Scientist use nine-banded armadillos because of a quirk in their reproductive systems. They are unique among mammals in having four genetically identical quadruplets born in each litter. Because they are always genetically identical, the quads are good subjects for scientific, behavioral and medical tests that need consistent genetic makeup in the test subjects.

Coatimundi ( Nasua narica; Spanish: Tejon or Pisote)

The coati is a member of the raccoon family sporting a long snout with somewhat pig-like features and bear-like paws. Ring-Tailed coatis have either a light brown or black coat, with a lighter under-part and a white-ringed tail in most cases. All coatis share a slender head with an elongated, slightly upward-turned nose, small ears, dark feet and a long, non-prehensile tail used for balance and signaling. They are about the size of a large housecat with males larger than females. Coatis are omnivores; feeding mainly on fallen fruit and invertebrates.

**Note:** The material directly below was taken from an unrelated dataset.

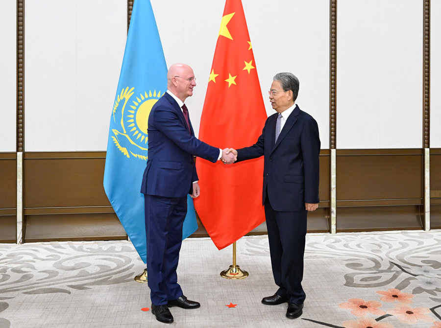 3月25日上午,全国人大常委会委员长赵乐际在海南博鳌会见来华出席博鳌亚洲论坛2026年年会的哈萨克斯坦第一副总理斯克利亚尔。新华社记者 申宏 摄

They walk on the soles of their feet like Grizzly bears and have strong limbs for climbing and digging. They are quite intelligent and a coati communicates its intentions or moods with chirping, snorting or grunting sounds. Different chirping sounds are used to express joy during social grooming, appeasement after fights, or to convey irritation or anger. Snorting while digging, along with an erect tail, states territorial or food claims during foraging. Coatis also use special postures or moves to convey simple messages; for example, hiding the nose between the front paws as a sign for submission. In this area, you sometimes see them at night on their nocturnal hunts.

Opossum (Didelphys azarae; Spanish: Tlacuache)

Again Mexico shares this species with her northern neighbor. It is a marsupial and not particularly revered in this region. A Mexican author described it as “an unattractive, slow-witted nocturnal creature with a long muzzle, rather fearsome-looking teeth, a coarse, variable, yellowish and gray coat, striped or blotched and a prehensile tail, long, naked and pink.” Nonetheless it does have few claims to fame; more teeth than any other mammal (up to 52) and litters of 10-20 offspring produced after a gestation period of only 13 days.